* _Task details_
Starting at the line that contains "Bernstein_Wald Gasthof Pension" and stopping after the line that contains "Szeretettel várjuk családjainkat", transcribe the listing below exactly; do not include any pictures.

* _Input records_
* * *

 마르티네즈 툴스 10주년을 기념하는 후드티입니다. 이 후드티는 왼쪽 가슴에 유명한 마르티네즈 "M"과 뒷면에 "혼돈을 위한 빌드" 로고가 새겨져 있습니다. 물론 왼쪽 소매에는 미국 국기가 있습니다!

* * *

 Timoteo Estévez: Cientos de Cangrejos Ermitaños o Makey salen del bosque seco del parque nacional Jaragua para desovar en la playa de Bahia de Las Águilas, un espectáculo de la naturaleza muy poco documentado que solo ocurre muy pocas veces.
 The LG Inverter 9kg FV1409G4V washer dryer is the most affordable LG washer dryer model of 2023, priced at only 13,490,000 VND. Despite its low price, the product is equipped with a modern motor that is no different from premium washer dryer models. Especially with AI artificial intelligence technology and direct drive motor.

* * *

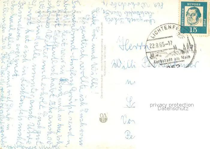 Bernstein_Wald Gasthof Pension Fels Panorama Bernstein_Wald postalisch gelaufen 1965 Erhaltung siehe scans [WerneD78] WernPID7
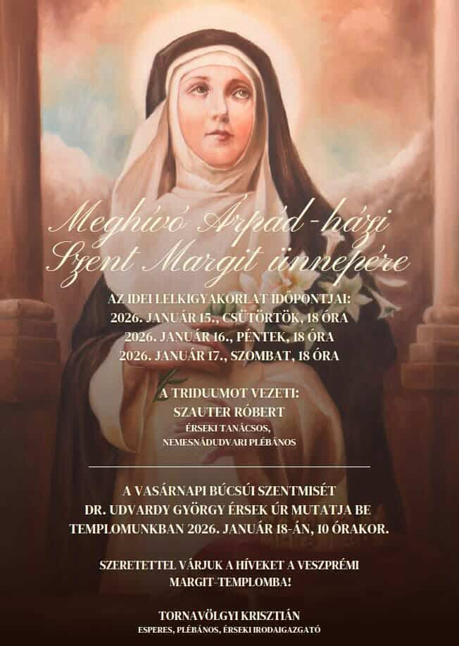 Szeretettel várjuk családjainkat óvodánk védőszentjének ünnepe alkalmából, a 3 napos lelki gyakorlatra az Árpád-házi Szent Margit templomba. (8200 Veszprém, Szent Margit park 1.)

* * *

* _Task solution_
 Bernstein_Wald Gasthof Pension Fels Panorama Bernstein_Wald postalisch gelaufen 1965 Erhaltung siehe scans [WerneD78] WernPID7
 Szeretettel várjuk családjainkat óvodánk védőszentjének ünnepe alkalmából, a 3 napos lelki gyakorlatra az Árpád-házi Szent Margit templomba. (8200 Veszprém, Szent Margit park 1.)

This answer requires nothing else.